__Exercise prompt__:
Take the entries below and retype them word for word, excluding the images.

+ + + + +

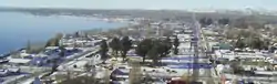 The town is 6 km (4 mi) west of the border with Argentina and 8 km from the Argentine town of Los Antiguos, with which it is connected by a paved road. A car ferry connects the town with Puerto Ingeniero Ibáñez on the north shore of the lake.
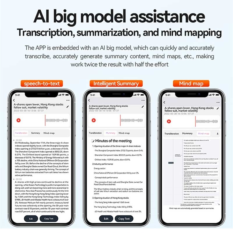 Transcription optimisée par l'IA : Connectez-vous à l'application AIREC via Bluetooth pour profiter de la transcription et de la traduction en temps réel dans 188 langues grâce à l'intégration de ChatGPT.
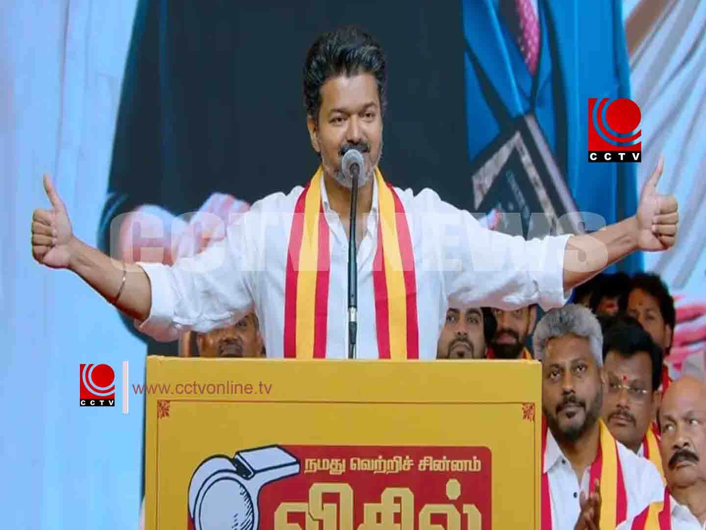 ഒരു അവസരം നല്‍കണമെന്ന് സ്ഥാനാര്‍ത്ഥികളുടെ പേരുകള്‍ പ്രഖ്യാപിച്ചുകൊണ്ട് വിജയ് ജനങ്ങളോട് അഭ്യര്‍ത്ഥിച്ചു. ‘വിസിലിന് വോട്ട് ചെയ്യുക, ഇത് വിസില്‍ വിപ്ലവ തിരഞ്ഞെടുപ്പാണ്’ അദ്ദേഹം തന്റെ പാര്‍ട്ടിയുടെ തിരഞ്ഞെടുപ്പ് ചിഹ്നത്തെ ഉയര്‍ത്തിക്കാട്ടി പറഞ്ഞു.
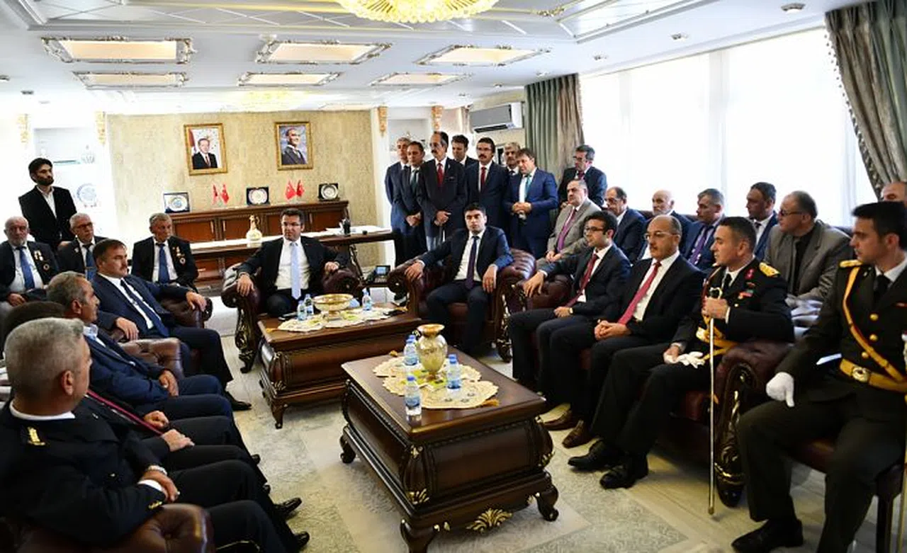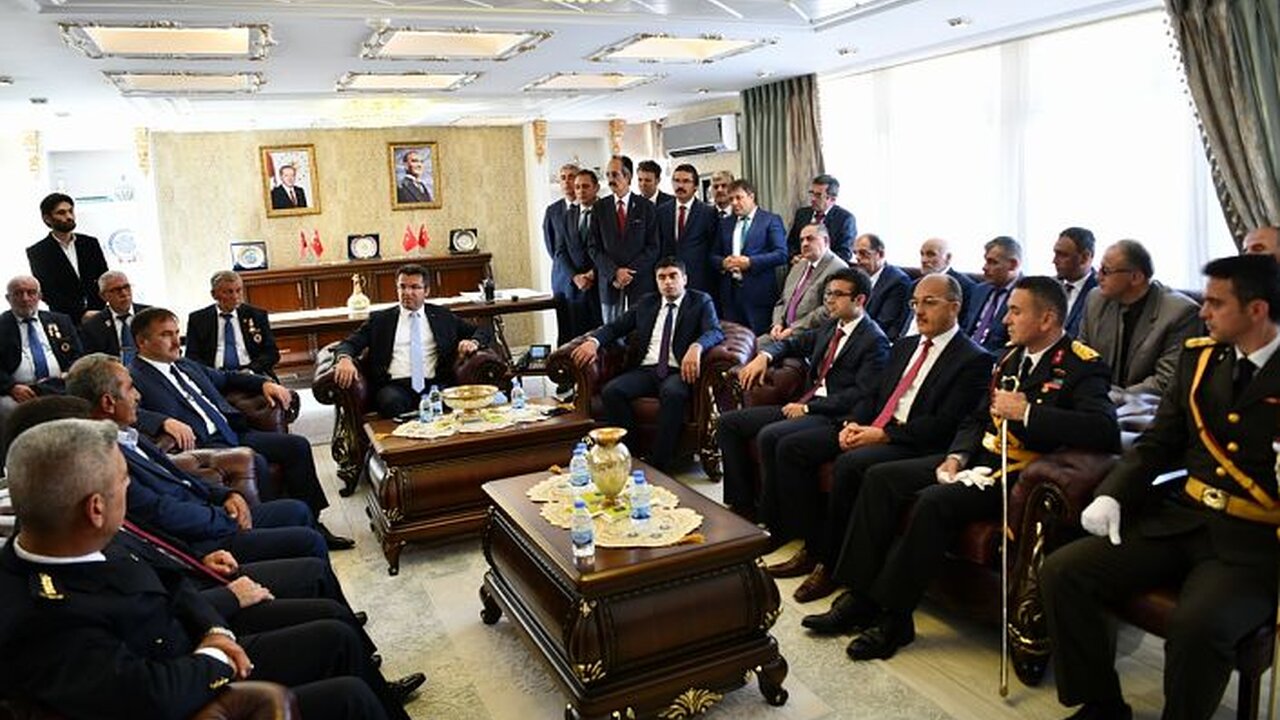 Hükümet Konağı önündeki Atatürk anıtında düzenlenen ilk törende Vali Okay Memiş ve Belediye Başkanı Ercan Çimen Atatürk anıtına çelenk sundu.
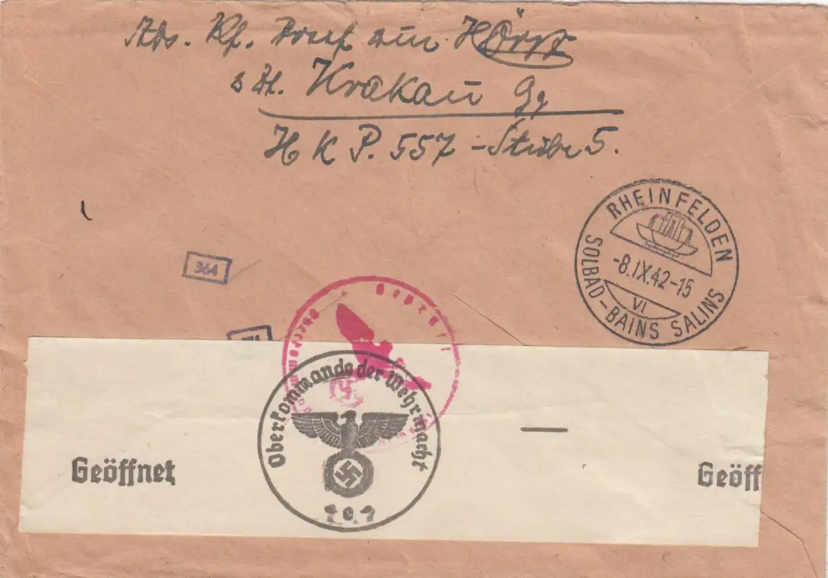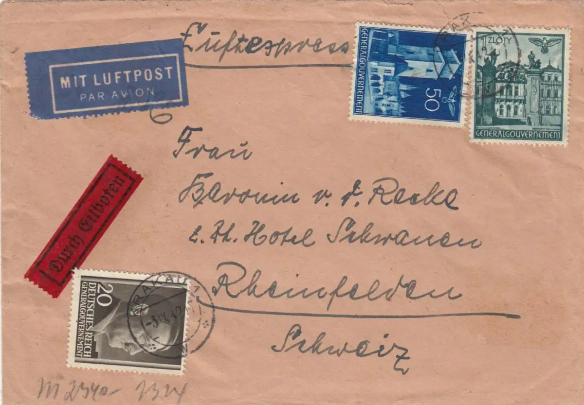 GG Schweiz Luftpost Eilbote, portogerecht Krakau nach Rheinfelden, Zensur
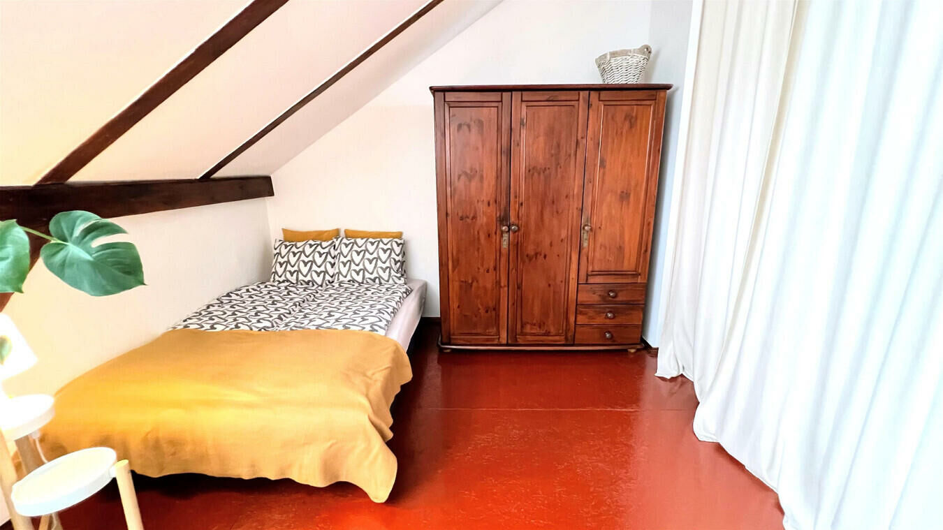 Pokój bardzo jasny, doświetlany przez dwa duże okna osadzone w lukarnach, na podłodze oryginalna podłoga tworząca stylowy nastrój poddasza.
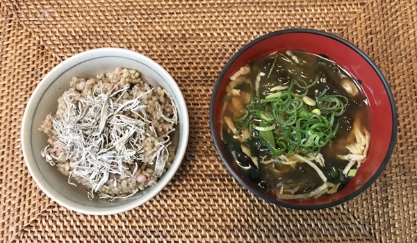 朝:若玄米雑穀しらすごはん・みそ汁・浅漬け
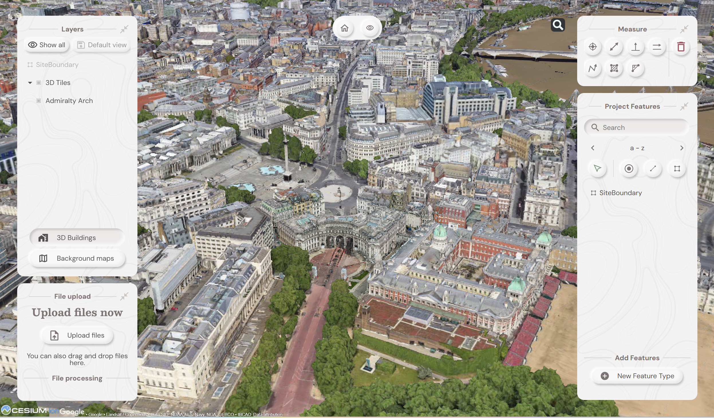 It provides a unique view of your data compared to other platforms: Well, how does it do that? The answer is it provides context around your dataset and positions it in the real world. For example, your laser scan point cloud doesn’t sit in a black space, it’s positioned on to the background map of your choice from OS to Google to Bing. This opens up new doors with your clients. It’s all about making your data set relevant for its end users by providing visualisation in a rich 3D environment with analysis and measurement tools thrown in.
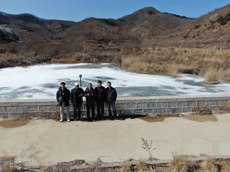 首日,項(xiàng)目組先到蓬萊區(qū)水務(wù)局詳細(xì)了解了本次排查任務(wù)。為了讓大家熟悉塘壩情況,水務(wù)局兩位負(fù)責(zé)人帶領(lǐng)項(xiàng)目組一同前往蓬萊區(qū)登州街道的2座塘壩,旨在確定后續(xù)排查任務(wù)中的重要隱患點(diǎn),統(tǒng)一記錄資料格式、記錄重點(diǎn)、影像資料等。2月中旬,蓬萊仍然是刺骨的冷。一到現(xiàn)場(chǎng),孫見鋒、邢仕強(qiáng)立即向水務(wù)局負(fù)責(zé)人了解塘壩基本情況,李子民、郭曉鎮(zhèn)使用無人機(jī)進(jìn)行拍攝,趙連濤、李宏達(dá)進(jìn)行建筑物高程及尺寸測(cè)量,吳春澍和瞿立新對(duì)現(xiàn)場(chǎng)關(guān)鍵問題進(jìn)行補(bǔ)充、指導(dǎo)。首日結(jié)束,項(xiàng)目組利用晚飯間隙對(duì)工作成果進(jìn)行了小結(jié),對(duì)第二天的工作進(jìn)行安排。
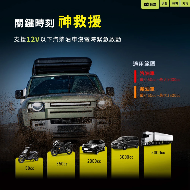 - 支援5000cc以下汽油車與3500cc以下柴油車電瓶緊急啟動
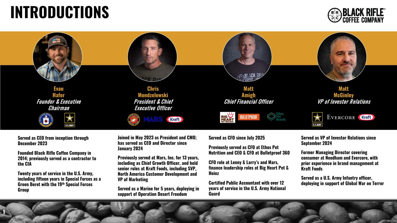 1 INTRODUCTIONS Joined in May 2023 as President and CMO; has served as CEO and Director since January 2024 Previously served at Mars, Inc. for 13 years, including as Chief Growth Officer, and held senior roles at Kraft Foods, including SVP, North America Customer Development and VP of Marketing Served as a Marine for 5 years, deploying in support of Operation Desert Freedom Served as CFO since July 2025 Previously served as CFO at Ethos Pet Nutrition and CEO & CFO at Bulletproof 360 CFO role at Lenny & Larry’s and Mars, finance leadership roles at Big Heart Pet & Heinz Certified Public Accountant with over 12 years of service in the U.S. Army National Guard Matt Amigh Chief Financial Officer Served as VP of Investor Relations since September 2024 Former Managing Director covering consumer at Needham and Evercore, with prior experience in brand management at Kraft Foods Served as a U.S. Army Infantry officer, deploying in support of Global War on Terror Chris Mondzelewski President & Chief Executive Officer Matt McGinley VP of Investor Relations Served as CEO from inception through December 2023 Founded Black Rifle Coffee Company in 2014; previously served as a contractor to the CIA Twenty years of service in the U.S. Army, including fifteen years in Special Forces as a Green Beret with the 19th Special Forces Group Evan Hafer Founder & Executive Chairman

+ + + + +

__Response for this exercise__:
 The town is 6 km (4 mi) west of the border with Argentina and 8 km from the Argentine town of Los Antiguos, with which it is connected by a paved road. A car ferry connects the town with Puerto Ingeniero Ibáñez on the north shore of the lake.
 Transcription optimisée par l'IA : Connectez-vous à l'application AIREC via Bluetooth pour profiter de la transcription et de la traduction en temps réel dans 188 langues grâce à l'intégration de ChatGPT.
 ഒരു അവസരം നല്‍കണമെന്ന് സ്ഥാനാര്‍ത്ഥികളുടെ പേരുകള്‍ പ്രഖ്യാപിച്ചുകൊണ്ട് വിജയ് ജനങ്ങളോട് അഭ്യര്‍ത്ഥിച്ചു. ‘വിസിലിന് വോട്ട് ചെയ്യുക, ഇത് വിസില്‍ വിപ്ലവ തിരഞ്ഞെടുപ്പാണ്’ അദ്ദേഹം തന്റെ പാര്‍ട്ടിയുടെ തിരഞ്ഞെടുപ്പ് ചിഹ്നത്തെ ഉയര്‍ത്തിക്കാട്ടി പറഞ്ഞു.
 Hükümet Konağı önündeki Atatürk anıtında düzenlenen ilk törende Vali Okay Memiş ve Belediye Başkanı Ercan Çimen Atatürk anıtına çelenk sundu.
 GG Schweiz Luftpost Eilbote, portogerecht Krakau nach Rheinfelden, Zensur
 Pokój bardzo jasny, doświetlany przez dwa duże okna osadzone w lukarnach, na podłodze oryginalna podłoga tworząca stylowy nastrój poddasza.
 朝:若玄米雑穀しらすごはん・みそ汁・浅漬け
 It provides a unique view of your data compared to other platforms: Well, how does it do that? The answer is it provides context around your dataset and positions it in the real world. For example, your laser scan point cloud doesn’t sit in a black space, it’s positioned on to the background map of your choice from OS to Google to Bing. This opens up new doors with your clients. It’s all about making your data set relevant for its end users by providing visualisation in a rich 3D environment with analysis and measurement tools thrown in.
 首日,項(xiàng)目組先到蓬萊區(qū)水務(wù)局詳細(xì)了解了本次排查任務(wù)。為了讓大家熟悉塘壩情況,水務(wù)局兩位負(fù)責(zé)人帶領(lǐng)項(xiàng)目組一同前往蓬萊區(qū)登州街道的2座塘壩,旨在確定后續(xù)排查任務(wù)中的重要隱患點(diǎn),統(tǒng)一記錄資料格式、記錄重點(diǎn)、影像資料等。2月中旬,蓬萊仍然是刺骨的冷。一到現(xiàn)場(chǎng),孫見鋒、邢仕強(qiáng)立即向水務(wù)局負(fù)責(zé)人了解塘壩基本情況,李子民、郭曉鎮(zhèn)使用無人機(jī)進(jìn)行拍攝,趙連濤、李宏達(dá)進(jìn)行建筑物高程及尺寸測(cè)量,吳春澍和瞿立新對(duì)現(xiàn)場(chǎng)關(guān)鍵問題進(jìn)行補(bǔ)充、指導(dǎo)。首日結(jié)束,項(xiàng)目組利用晚飯間隙對(duì)工作成果進(jìn)行了小結(jié),對(duì)第二天的工作進(jìn)行安排。
 - 支援5000cc以下汽油車與3500cc以下柴油車電瓶緊急啟動
 1 INTRODUCTIONS Joined in May 2023 as President and CMO; has served as CEO and Director since January 2024 Previously served at Mars, Inc. for 13 years, including as Chief Growth Officer, and held senior roles at Kraft Foods, including SVP, North America Customer Development and VP of Marketing Served as a Marine for 5 years, deploying in support of Operation Desert Freedom Served as CFO since July 2025 Previously served as CFO at Ethos Pet Nutrition and CEO & CFO at Bulletproof 360 CFO role at Lenny & Larry’s and Mars, finance leadership roles at Big Heart Pet & Heinz Certified Public Accountant with over 12 years of service in the U.S. Army National Guard Matt Amigh Chief Financial Officer Served as VP of Investor Relations since September 2024 Former Managing Director covering consumer at Needham and Evercore, with prior experience in brand management at Kraft Foods Served as a U.S. Army Infantry officer, deploying in support of Global War on Terror Chris Mondzelewski President & Chief Executive Officer Matt McGinley VP of Investor Relations Served as CEO from inception through December 2023 Founded Black Rifle Coffee Company in 2014; previously served as a contractor to the CIA Twenty years of service in the U.S. Army, including fifteen years in Special Forces as a Green Beret with the 19th Special Forces Group Evan Hafer Founder & Executive Chairman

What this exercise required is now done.